Republicans promised changes in Georgia after Joe Biden narrowly won the state in November and Jon Ossoff and Rev. Raphael Warnock, both Democrats, won impressive surprises over Republican candidates in November.

State officials, including Republicans, have said repeatedly that there was no evidence of election fraud, but Republicans have pledged to impose new restrictions anyway.

A separate bill under consideration in the state senate would eliminate absent voting without excuse, something Republicans made into law in 2005, allowing people to vote by post only if they were 75 or older or had an excuse.
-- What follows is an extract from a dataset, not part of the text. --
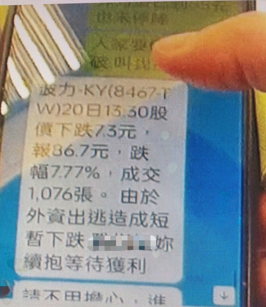 警方表示,警員艾子瀚、彭穩達到場詢問後,詹婦表示日前接到一名Line暱稱「小威」的男子加其好友,起先係以報股票明牌取得婦人信任;不久後,這名男子便慫恿詹婦讓其代為操作股票,並保證獲利,詹婦一時不察便至銀行提領現金新台幣60萬元準備交付。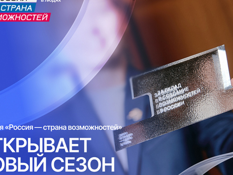Премия «Россия – страна возможностей» была учреждена по поручению Президента Российской Федерации для поддержки инициативных граждан. В первом сезоне заявки на участие подали более 33 000 человек из 89 регионов России и 27 стран мира. Финалистами стали 100 человек из 37 регионов.

Republicans made the bill public just over an hour before a hearing, giving the public and lawmakers little time to review what was in it. More than two dozen groups wrote to Fleming on Thursday, asking him to stop considering the measure.

“It contains a set of proposals that would have devastating consequences for voting rights in Georgia,” they wrote. “It is absolutely unacceptable that legislators, defenders of the right to vote and the people of Georgia have been surprised by this statement.”

The Georgia effort comes amid a national effort, led by Republicans, to enact a wave of new voting restrictions after the 2020 elections. There are at least 165 pending bills in 33 states that would make voting difficult, according to an analysis by the Brennan Center for Justice.

“You lost your right! So now they are trying to change the rules and make it more difficult to vote, ”said Deborah Scott, executive director of Georgia Stand-Up, another group that worked to mobilize black voters, via email. “It is a pity that in 2021 blacks and browns in Georgia have to continue to fight for our citizenship rights.”